Drittens: Die Studien selbst sind vorsichtiger geworden. Fast überall stehen heuer Konjunktive und geopolitische Vorbehalte, wo vor drei Jahren Prognosen standen. Man kann das als Erkenntnisgewinn lesen.
Zwei Termine sind für den Herbst absehbar: die nächste EZB-Sitzung und die Herbstgutachten. Bis dahin bleibt die Halbjahresbilanz die beste verfügbare Datengrundlage.
Häufige Fragen zu den Immobilienstudien im Sommer 2026
Wie hat sich der österreichische Immobilien-Investmentmarkt im ersten Halbjahr 2026 entwickelt?
Laut CBRE Austria lag das Transaktionsvolumen bei rund einer Milliarde Euro, ein Minus von 31 Prozent gegenüber dem Vorjahr. Das zweite Quartal allein brach um 80 Prozent auf rund 300 Millionen Euro ein. Der Anteil internationaler Investoren stieg zugleich von 35 auf 53 Prozent.

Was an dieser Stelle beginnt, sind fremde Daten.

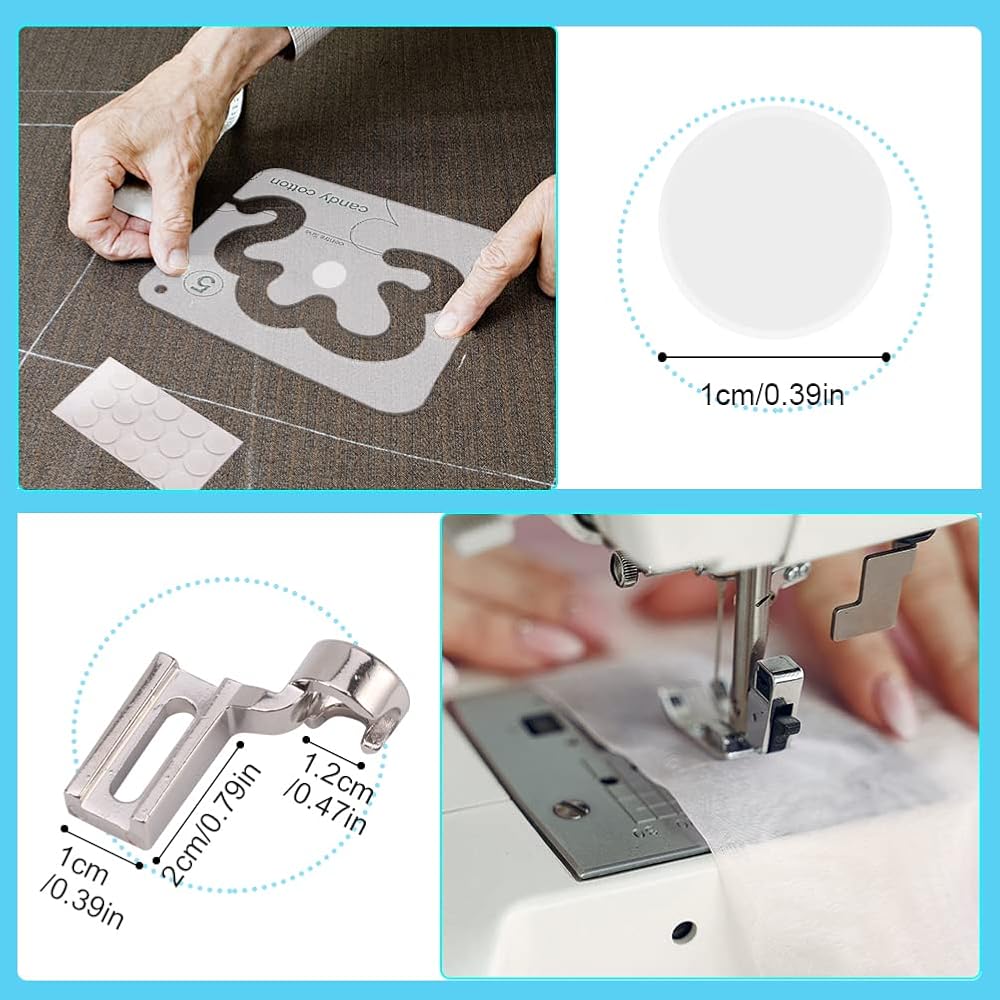 4.Presser foot : Fits for high shank domestic sewing machine. Place the guide along an already stitched seam or against any edge to give you beautiful topstitching. The Foot guides your topstitching and decorative stitching perfectly.

EHL beziffert das Halbjahresvolumen mit rund 1,15 Milliarden Euro – die Abweichung erklärt sich durch unterschiedliche Erhebungsstichtage und Zählweisen.
Um wie viel sind die Baukosten in Österreich 2026 gestiegen?
Der Baupreisindex der Statistik Austria lag im zweiten Quartal 2026 bei 104,9 Punkten, plus 4,9 Prozent gegenüber dem Vorjahresquartal. Im Hochbau betrug der Anstieg 3,6 Prozent, im Tiefbau 7,0 Prozent und im Straßenbau 7,5 Prozent.
Wie viele Mietwohnungen entstehen 2026 in Wien?
Nach dem EHL-Marktupdate werden für das Gesamtjahr 2026 rund 2.570 freifinanzierte und rund 2.280 geförderte Mietwohnungen erwartet. Die Mieten stiegen im ersten Halbjahr in allen großen Segmenten über der Inflationsrate.
Steigen oder fallen die Immobilienpreise in Deutschland?
Beides, je nach Assetklasse. Der vdp-Immobilienpreisindex für das zweite Quartal 2026 weist Wohnimmobilien mit plus 1,9 Prozent aus, Büroimmobilien mit minus 1,2 Prozent und Einzelhandel mit minus 0,2 Prozent – der erste Gewerberückgang auf Jahressicht nach fünf Quartalen im Plus.
Gibt es in der Schweiz eine Immobilienblase?
Der UBS Swiss Real Estate Bubble Index stieg im zweiten Quartal 2026 auf 0,72 Punkte und damit das sechste Quartal in Folge. UBS stuft das Risiko weiterhin als „moderat" ein; als erhöht gilt es erst ab einem Indexwert von 1,0.
Welche Immobilienstudien sind im Sommer 2026 erschienen?
Die zehn wichtigsten sind in der Übersichtstabelle oben aufgeführt – von CBRE, EHL, Statistik Austria, vdp, empirica, JLL, Destatis, Deutsche Hypo, UBS und Raiffeisen, jeweils mit Datum und Kernzahl.
Zur Auswahl
Berücksichtigt wurden Studien, Indizes und Marktberichte mit eigener Datenbasis, die zwischen 20. Juni und 19. August 2026 von einem namentlich benannten Herausgeber veröffentlicht wurden und deren Methodik nachvollziehbar ist. Reine Unternehmensmeldungen und Whitepaper ohne Datengrundlage blieben außen vor. Bei mehreren Berichten eines Hauses im Zeitraum wurde der jeweils marktbreiteste ausgewählt, ergänzende Berichte sind im Fließtext erwähnt.
Alle Zahlen nach Angaben der jeweiligen Herausgeber. Die empirica-Detaildaten sind kostenpflichtig, einzelne EHL-Berichte nur nach Registrierung verfügbar. Die PDF-Links von Fahrländer Partner und UBS zeigen jeweils die aktuellste Ausgabe und werden mit der nächsten Publikation überschrieben.